» Saved entries:
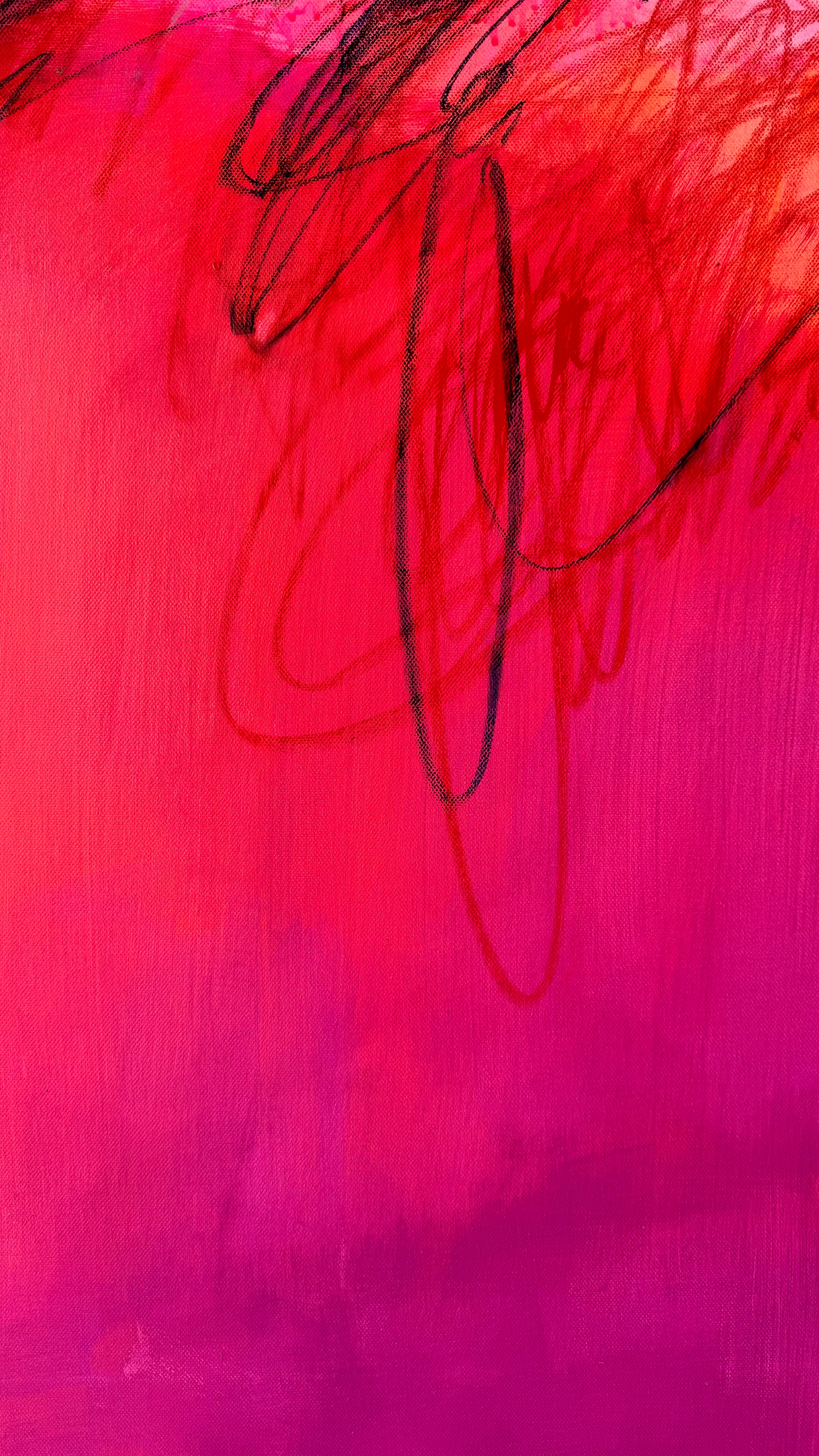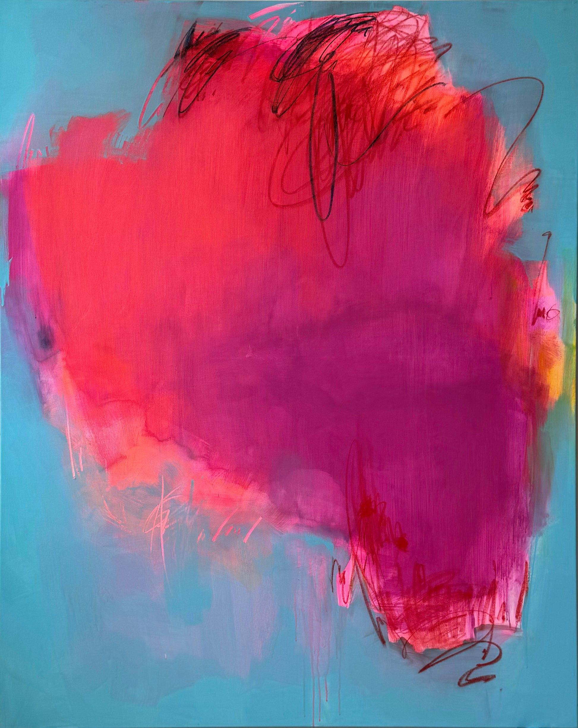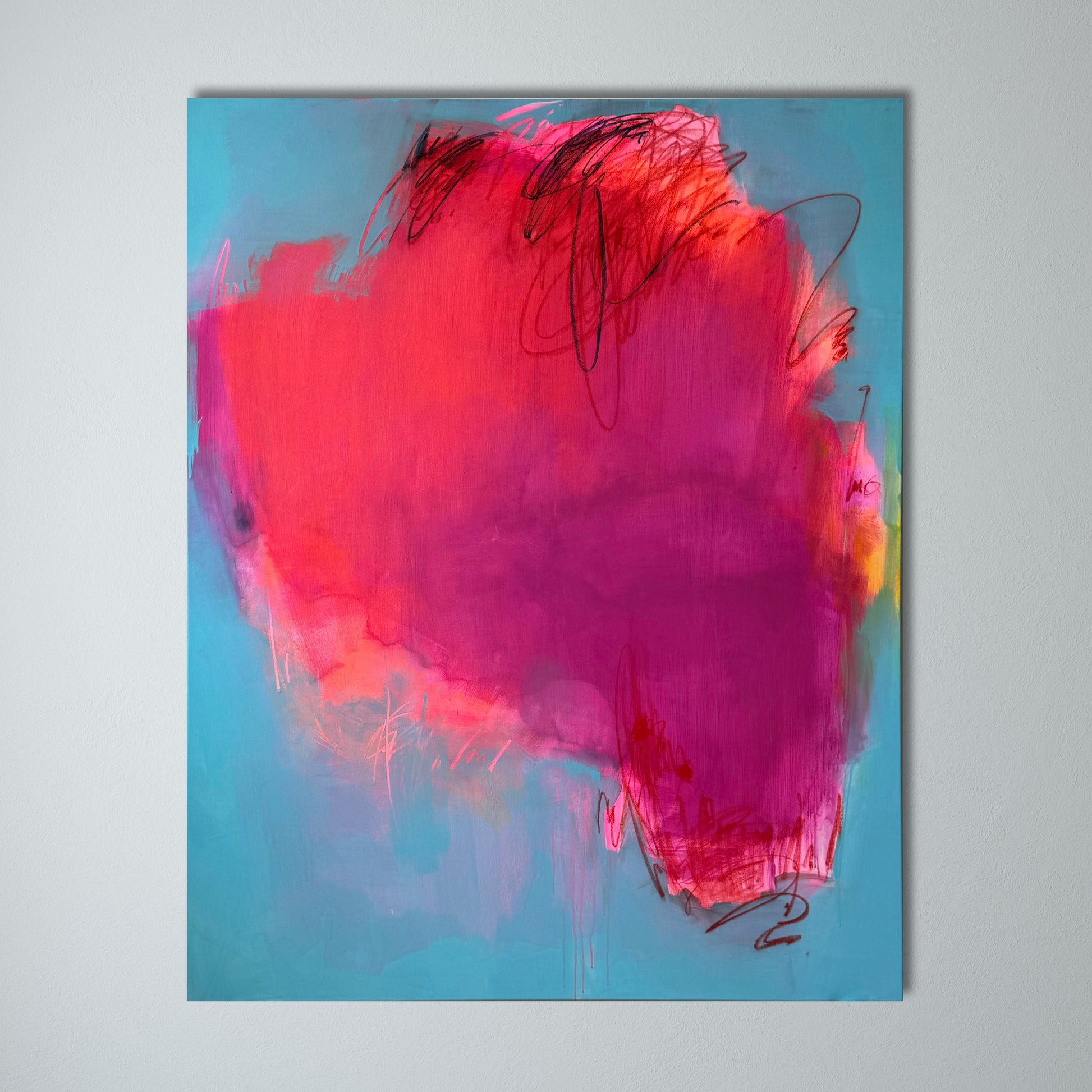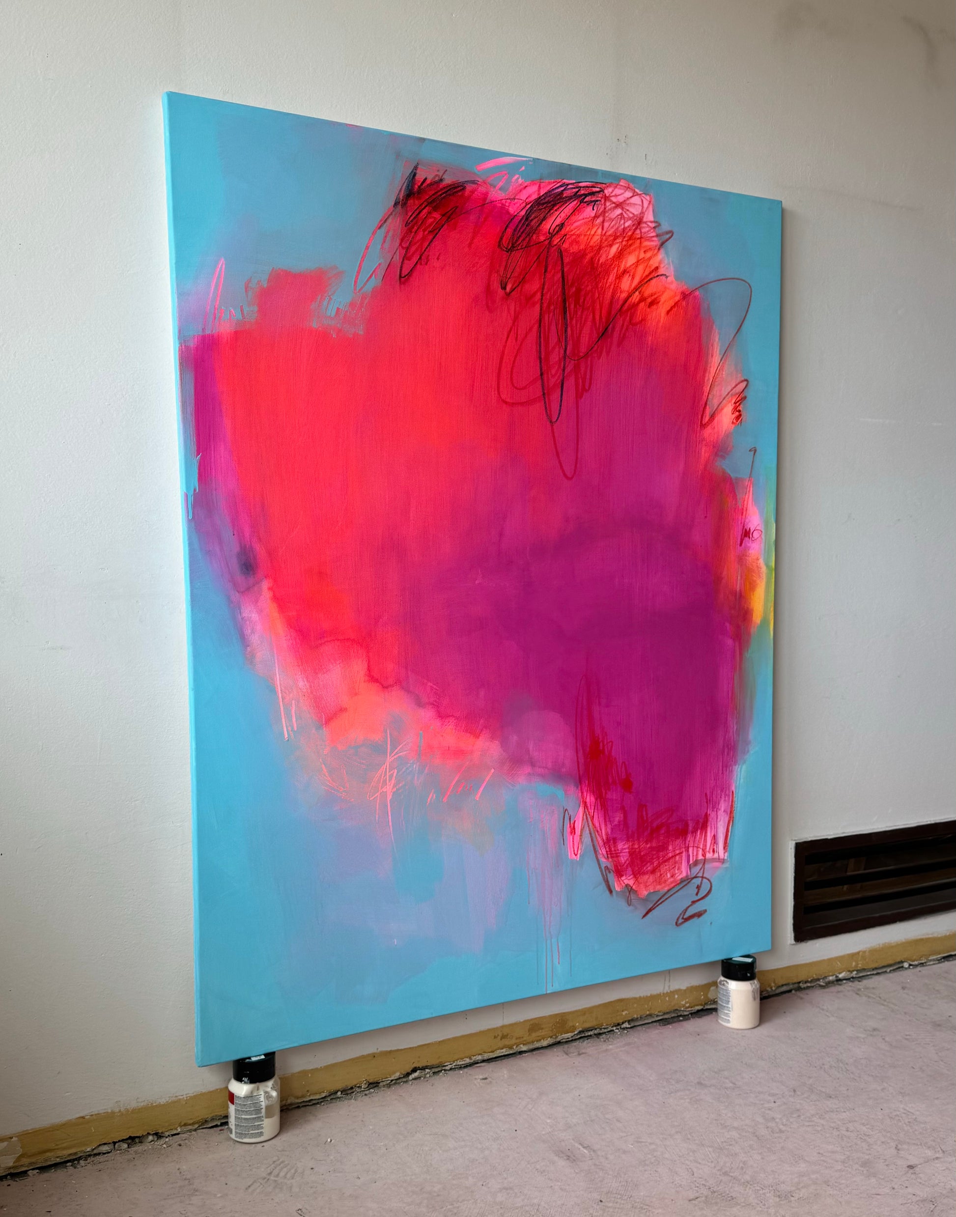 This captivating large abstract painting features a dynamic neon pink center that pulses with vibrant energy against a serene light blue background. Thin, intricate lines weave through the composition, adding depth and movement, creating a striking contrast between the bold central hue and the tranquil backdrop.
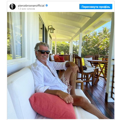 Снимок, который Пирс распространил в сети, сделала его жена Кили Шей Смит. Актер изображен с фирменной улыбкой на лице. Он позирует, сидя на террасе в белой рубашке и цветных шортах.
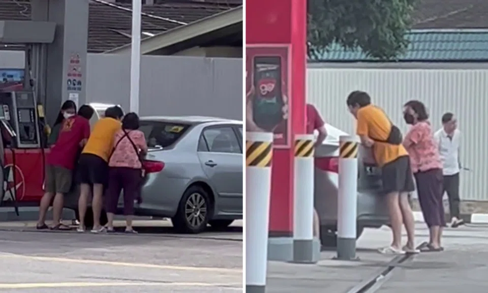 S'pore family bounces car up and down while pumping petrol in JB: 'Even auntie is working hard'
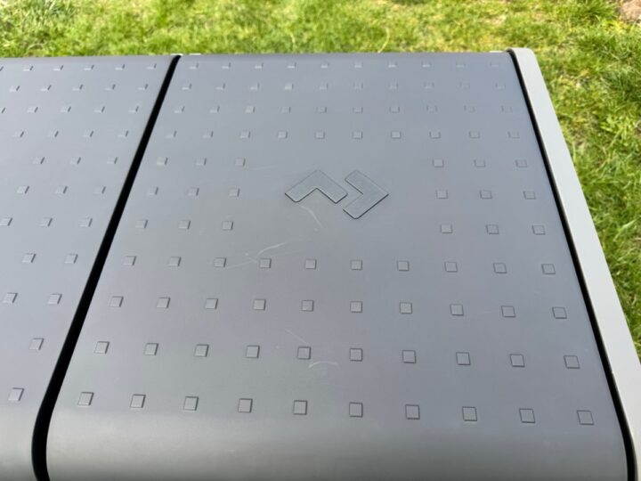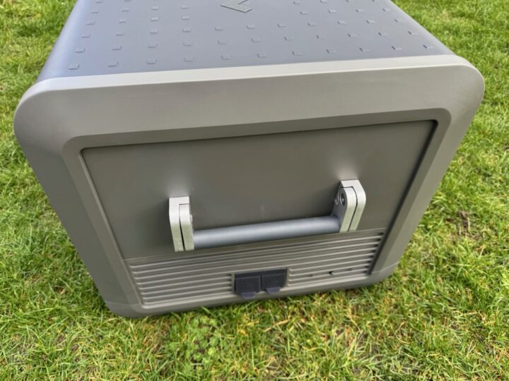 Auf den ersten Blick strahlt der CFX5 einen robusten Charme aus. Die stabile Konstruktion mit verstärkten Ecken und Kanten sorgt dafür, dass er den Strapazen von Outdoor-Abenteuern standhalten soll. Die sehr robust wirkenden Aluminiumgriffe sind mit einer starken Feder ausgestattet, sodass sie schnell wieder in ihren Ursprungszustand zurückkehren können. Außerdem vermitteln sie den Eindruck, dass sie ordentlich Gewicht aushalten können. Ich vermisse jedoch ein wenig Rollen. Die würden dem Gerät noch mehr Mobilität verleihen, denn die große Box, die ich hier habe, ist selbst leer allein aufgrund der Größe nur schwer tragbar.
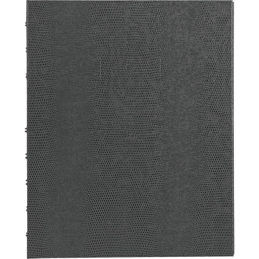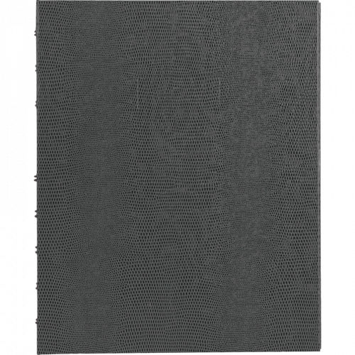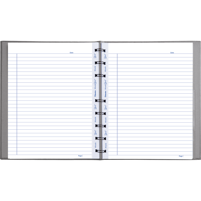 Contains a minimum of 50% post-consumer recycled material. FSC® Certified. Twin wire bound. Hard, lizard-like cover. Ruled pages with margin. Features removable micro-perforated pages, self-adhesive tabs and index sheet. 150 pages. 9-1/4" x 7-1/4". Includes bonus MiracleBind™ quad pages and storage pocket. Cool Grey.
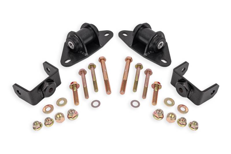 Motor Mount Kit, Delrin Motor mounts are used to keep the engine in place and absorb energy from it. However, factory motor mounts often do little to minimize engine deflection, resulting in lackluster throttle response, slower reaction times, and less accurate shifts in cars with manual transmissions. BMR's suspensions Delrin Motor Mount Kit (MM571) is built to eliminate engine deflection and designed for drag racing, street performance, and handling applications. When performance is a must, rely on BMR's suspension!
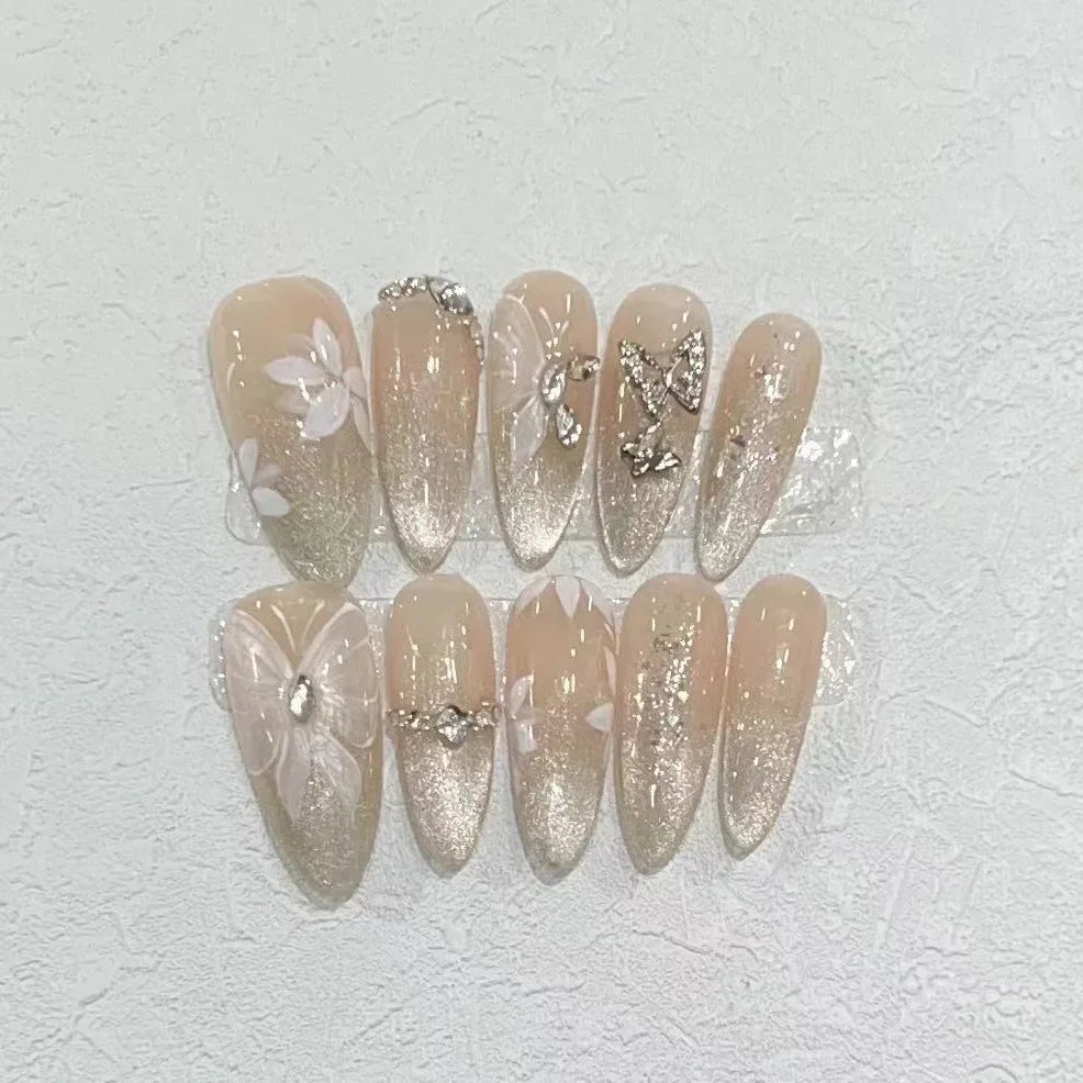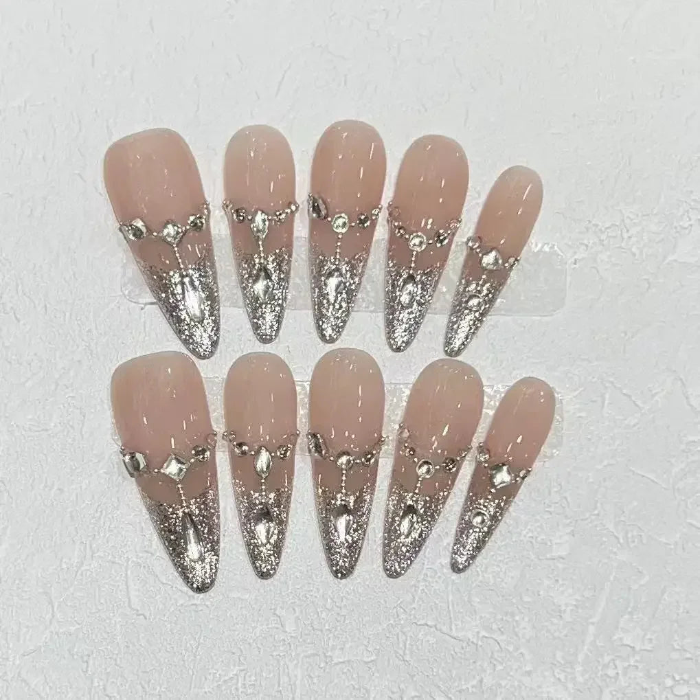 Popxstar 10Pcs Almond Handmade Nude Press on Nails Gradient Rhinestone Decoration False Nails Simple Wearable Manicure Fake Nail Tips

» EXERCISE: Please return the records as they stand, word for word, with no pictures.

» SOLUTION:
 This captivating large abstract painting features a dynamic neon pink center that pulses with vibrant energy against a serene light blue background. Thin, intricate lines weave through the composition, adding depth and movement, creating a striking contrast between the bold central hue and the tranquil backdrop.
 Снимок, который Пирс распространил в сети, сделала его жена Кили Шей Смит. Актер изображен с фирменной улыбкой на лице. Он позирует, сидя на террасе в белой рубашке и цветных шортах.
 S'pore family bounces car up and down while pumping petrol in JB: 'Even auntie is working hard'
 Auf den ersten Blick strahlt der CFX5 einen robusten Charme aus. Die stabile Konstruktion mit verstärkten Ecken und Kanten sorgt dafür, dass er den Strapazen von Outdoor-Abenteuern standhalten soll. Die sehr robust wirkenden Aluminiumgriffe sind mit einer starken Feder ausgestattet, sodass sie schnell wieder in ihren Ursprungszustand zurückkehren können. Außerdem vermitteln sie den Eindruck, dass sie ordentlich Gewicht aushalten können. Ich vermisse jedoch ein wenig Rollen. Die würden dem Gerät noch mehr Mobilität verleihen, denn die große Box, die ich hier habe, ist selbst leer allein aufgrund der Größe nur schwer tragbar.
 Contains a minimum of 50% post-consumer recycled material. FSC® Certified. Twin wire bound. Hard, lizard-like cover. Ruled pages with margin. Features removable micro-perforated pages, self-adhesive tabs and index sheet. 150 pages. 9-1/4" x 7-1/4". Includes bonus MiracleBind™ quad pages and storage pocket. Cool Grey.
 Motor Mount Kit, Delrin Motor mounts are used to keep the engine in place and absorb energy from it. However, factory motor mounts often do little to minimize engine deflection, resulting in lackluster throttle response, slower reaction times, and less accurate shifts in cars with manual transmissions. BMR's suspensions Delrin Motor Mount Kit (MM571) is built to eliminate engine deflection and designed for drag racing, street performance, and handling applications. When performance is a must, rely on BMR's suspension!
 Popxstar 10Pcs Almond Handmade Nude Press on Nails Gradient Rhinestone Decoration False Nails Simple Wearable Manicure Fake Nail Tips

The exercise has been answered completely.